## INFORMATION SHOWN
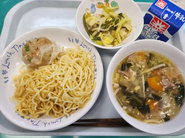 広東めん シュウマイ 茎わかめのナムル 牛乳
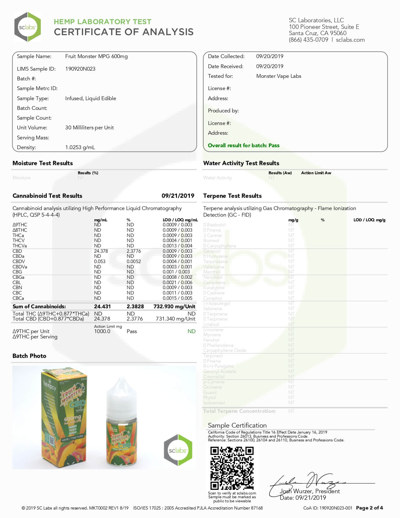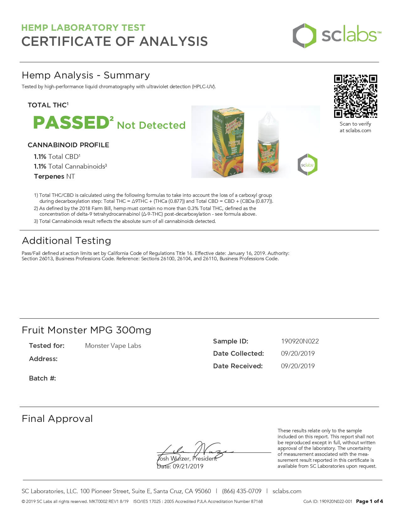 Fruit Monster CBD Vape Mango Peach Guava Lab Report important details about vaping products.
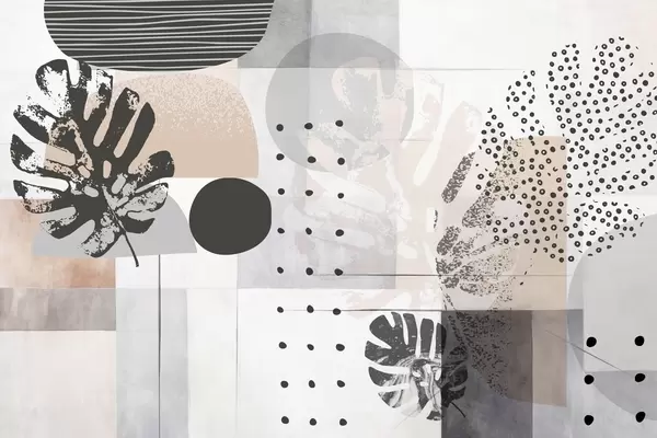 Fototapet Abstrakt print med geometriske former og tropiske monstera-blade, cirkler, prikker og linjer, moderne og minimalistisk design Nr. w09333
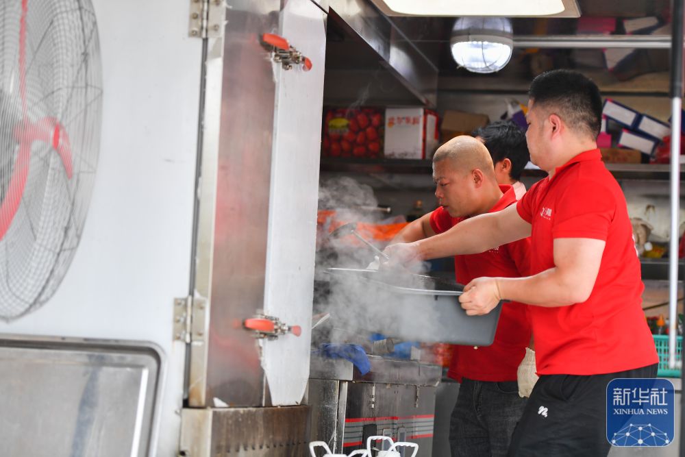 7月10日,在岳陽市良心堡鎮(zhèn)望君洲村,志愿者在炒制菜肴。新華社記者 陳思汗 攝
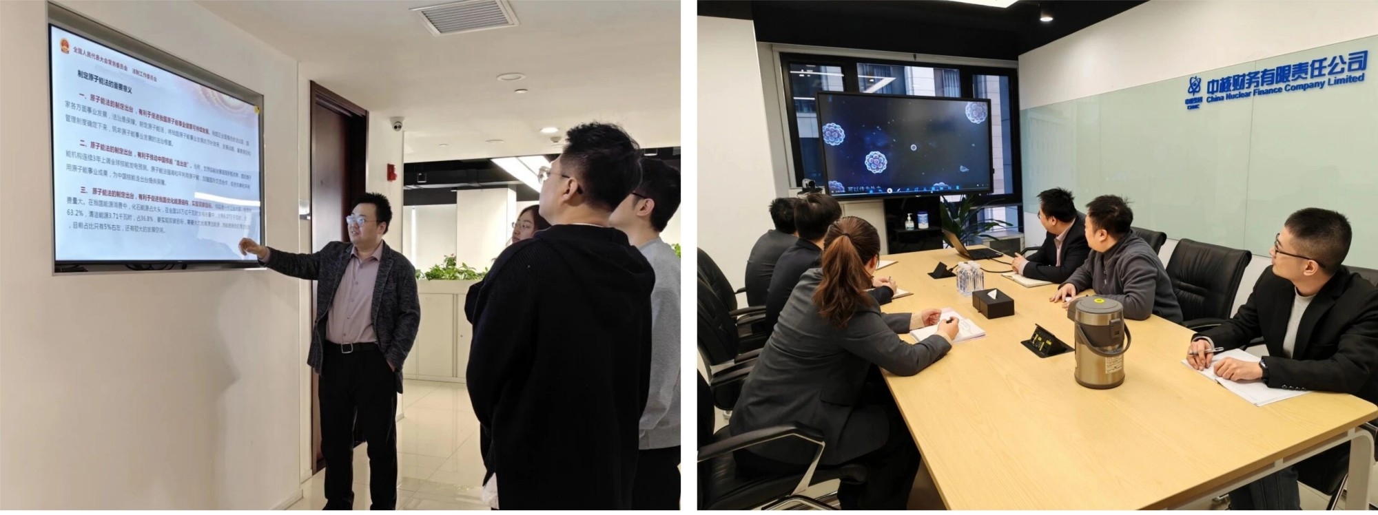 中核财务通过宣传屏展示、集中学习、线上答题等多种形式,深入开展原子能法学习宣贯,并结合国家法律法规与金融监管政策组织研讨,促进法律合规意识与工作实践有机结合。

## WHAT IS EXPECTED
A verbatim reproduction is expected: starting at the line above that has "Fototapet Abstrakt print", ending at the line that has "7月10日,在岳陽市良心堡鎮(zhèn)望君洲村,志愿者在炒制菜肴。新華社記者 陳思汗 攝", both included, and with no pictures and no other lines.

## ANSWER SPACE
 Fototapet Abstrakt print med geometriske former og tropiske monstera-blade, cirkler, prikker og linjer, moderne og minimalistisk design Nr. w09333
 7月10日,在岳陽市良心堡鎮(zhèn)望君洲村,志愿者在炒制菜肴。新華社記者 陳思汗 攝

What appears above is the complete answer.